Thursday, June 29, 2017

On Bodies, Scars, Pregnancy & Positivity

This post is in response to an Anonymous comment left on my Pregnancy and Crohn's Disease blog post from a reader who is planning a first pregnancy and concerned about the physical challenges. This is my reply:

First, I think it's wonderful that you are getting the green-light to try for a baby! Extra wonderful after a struggle with Crohn's Disease!

I'm not sure why your doctor is concerned about tearing not healing... do you have issues with wound healing? Anyway, I always err on the side of trusting my doctor, since I'm not an expert.
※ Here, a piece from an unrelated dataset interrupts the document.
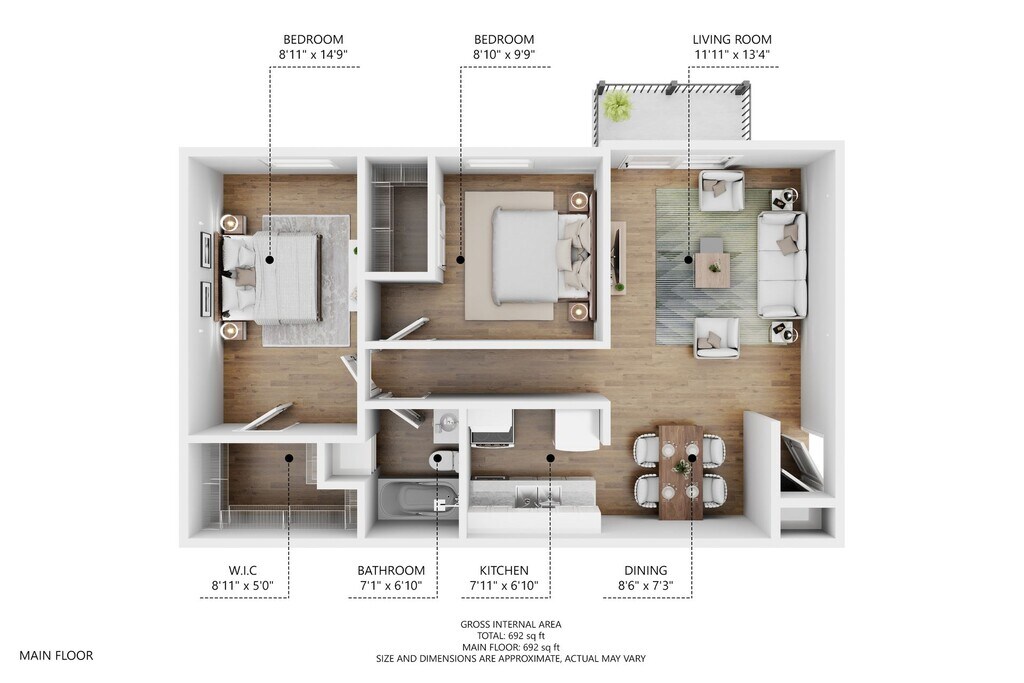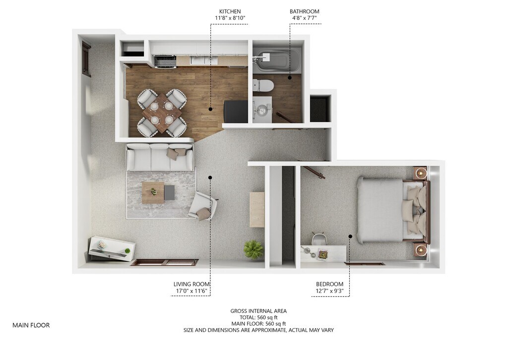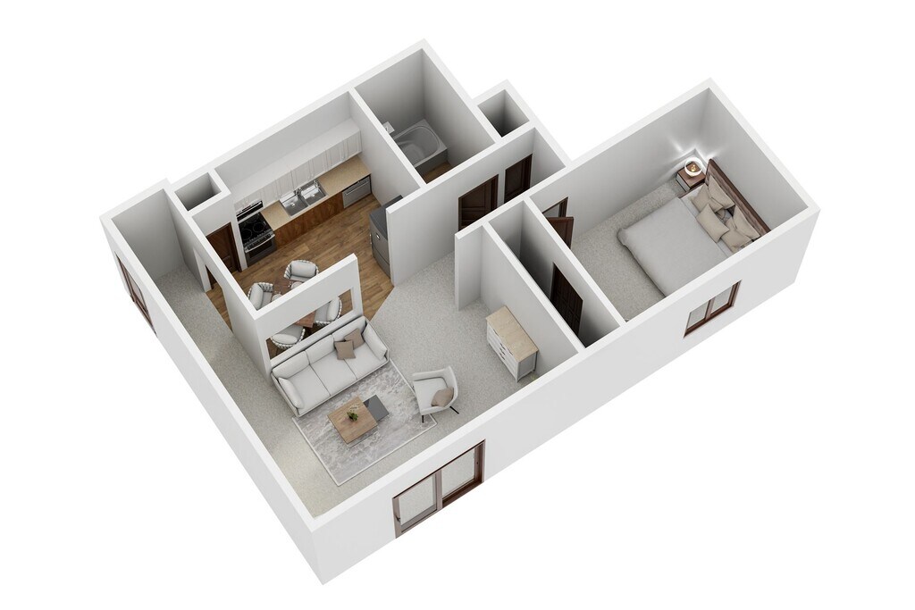 1 Dormitorio, 1 Baño, 700 pies²Disponible AhoraGalería del Modelo

I had caesarean-sections myself. Not due to my Crohn's but due to my babies all being breech. I loved my c-sections. They were calm and quick procedures. Healing took a while, but it just meant no carrying anything heavier than my baby, and it was a bit of a trick to sit-up in bed. Pain when coughing. But it only lasted a few weeks.

(Most light exercise is ok when pregnant if you check with your doctor. I liked to go for walks myself.)

My c-section scar is below the waist band of a pair of bikini panties. So, no one would ever see it. It has faded quite a lot in the year since my last baby. Although I'm sure it will always be there.

Along with my resection surgery scars, my belly is a bit of a patchwork as well. But... I don't feel less beautiful because of them. They are my battle scars. They are a story of my life, my challenges and triumphs. I would not be ashamed to wear a two-piece bathing suit because of my scars- anyone thinking negatively about me because of them, is a reflection on that person. Who are these people judging our bodies? We are our own worst critics by far. Now, at 37, I have more important things to worry about than a flawless body - and bigger sources of joy than getting eyeballed for my looks.

Motherhood will change you. Things you feared before will be laughable because you now have REAL fears. I used to be terrified of spiders. Now I pick them up with my bare-hands and toss them in the sink. Because nothing is scary like the fear when my son broke his arm. Motherhood has made me into a superhero- bulletproof to the worries and problems of my past (lol). Years ago I missed out on experiences because of shyness and fear of being judged. Now? I dance even if  I look silly. I sing to my kids in the grocery store even though my voice is terrible. I don't let self-consciousness prevent me from having experiences- life is too short.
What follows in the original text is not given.